Prof. Bainbridge muses about "X-Files" creator Chris Carter's ruminations of a possible second movie. Prof. Bainbridge wonders how you could possibly have a "stand-alone" second movie, instead of one that advances the "mythology" (i.e., the continuing government/alien conspiracy storyline).
I was a big fan of "The X-Files" at its height (seasons 2-4), and watched regularly until the last season, when it wasn't a big deal if I missed an episode. The mythology didn't really start until the end of the first season, and kicked into high gear in season 2 with the introduction of the shape-shifting alien bounty hunter played by Brian Thompson (in "Colony" and "End Game") and smarmy Alex Krycek (played by Nicholas Lea). The season 2 cliffhanger "Anasazi" ended with Mulder trapped in a buried boxcar in the New Mexico desert, a boxcar filled with corpses of what appeared to be aliens, and with Cancer Man having ordered the military to drop a bomb into the boxcar. Season 3 added the outstanding "train" episodes that provided a possible non-alien explanation for the boxcar corpses -- they're lepers!

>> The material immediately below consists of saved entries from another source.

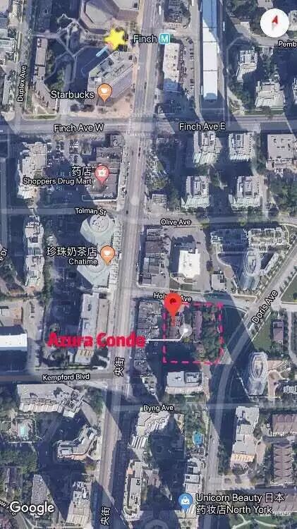Azura Condo坐落在Yonge & Finch旁,举步就可到Finch Station地铁站,GO Train, VIVA 和TTC公共交通系统可以带您到达大多伦多地区的任何角落。楼盘交通位置方便。 步行至地铁站只需要2分钟,往返市中心及多大十分方便 公车直达约克大学或 Seneca College,地铁直达多伦多大学, 拥有100/100的TransitScore 车行5分钟至HWY401 车行12分钟至 DVP 车行15分钟至Yorkdale Centre 近Centerpoint Mall, North York Center购物中心,BMO、RBC、TD、CIBC所在的金融区,一流医院,Cineplex电影院,LCBO,更是分布在您家门口,尽享方便。政府机构、多伦多教育局以及北约克的中心图书馆一字排开,银行、超市以及大小商铺星罗棋布,尤其是餐馆,可谓数不胜数,韩餐,中餐,西餐,日料,小吃,甜品应有尽有。
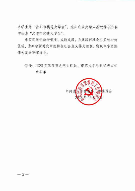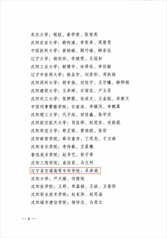 近日,由中共沈阳市委教科工作委员会组织开展的2023年度沈阳市“十百千”优秀大学生评选活动结果揭晓,我校管理工程系2021级会展策划与管理专业徐双挥同学荣获“2023年度沈阳市大学生标兵”、道路与桥梁工程系2021级道路与桥梁工程技术专业吴泽湖同学荣获“2023年度沈阳市模范大学生”称号,郭治辰等25名同学荣获“2023年度沈阳市优秀大学生”称号。
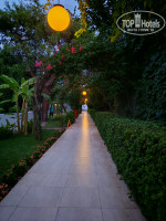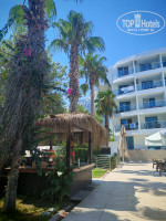Территория отеля очень уютная,ухоженная, небольшая. Кто-то в отзывах писал, что не убираются, не ухаживают. Это не так. В течение всего дня ходят с метелками, швабрами. На аллее к морю, да и везде на территории, даже опавшие лепестки цветов выметают начисто.

The problem with the mythology arc is that Carter was able to sustain the ambiguity for only so long. After a while, it became clear that (a) there really were aliens among us, even if Scully refused to acknowledge the fact; and (b) Carter was making everything up as he went along. The internal inconsistencies in the storyline became overbearing. By the time of the movie, the idea that the true aliens are an oil that turns humans into incubators for lizard like creatures was too silly to take seriously.
Plus, as far as I can tell, the mythology was sort of wrapped up in the last episode. Cancer Man foretells an alien invasion in 2012. I really wouldn't want to see a second movie consisting of Mulder, Scully, and Doggett fighting off the aliens. Besides, what do they need to invade for when the oil from the movie is already here?!?
Better to make a standalone movie, one where it's some kind of spooky mystery not connection to the sagging government/alien conspiracy. I'm thinking something like the first season episode "Ice," which was a rocking re-telling of "The Thing" with worms that crawled inside you and stimulated your adrenaline gland (with unfortunate and violent side effects), or the second season episode "The Host," about Flukeman.
I watched the show only periodically so the Myth episodes didn't grab me because they never made much sense to someone who only dropped in once in awhile, especially when they got so confusing they didn't make sense to regular viewers. I did like some of the stand alone Monster episodes, though. The two that come to mind are the one with the incestuous descendents of Confederates in Gettysburg who keep their mutilated mother under a bed, which I thought was creepily magnificent; and the one where Peter Boyle played a man who could see how other people died. A desperately sad episode that kicks you in the gut. Boyle deserved the Emmy he won for that.
Posted by: tom | November 24, 2004 at 08:39 AM
I've been saying for years that I'd love to see a stand alone Seinfeld movie. But please, not a foolish one like the last episode. This would be a regular movie about the things that were important to the Seinfeld characters -- nothing!
Anyone else out there like to see one?
Al Nye
Posted by: Al Nye | November 28, 2004 at 07:27 PM
Oh, please, please--just one more X-Files movie is all that I ask! I know the t.v. series got campy toward the end, but you gotta love those guys! And David D. and Gillian A. MUST be in it. Perhaps Gillian could be persuaded to put back on a few pounds so that she'll still be recognizable as Scully. And just one more request: can we have the Lone Gunmen, also? One of my favorite (fluffy) episodes was a Halloween, black and white thing where Mulder and Scully danced at the end. Let Chris Carter do his thing!
Posted by: Kathy | March 23, 2005 at 11:25 PM
I loved the x files but i think it lost the plot towards the end. Mulder made the show, sometimes I just wished someone would shoot Scully but she was good to watch. A second movie would be great, maybe a mix between the genre episodes with a conspiracy mixed in. Maybe the ghosts in a government installation. Come on Chris, 2 more movies at least.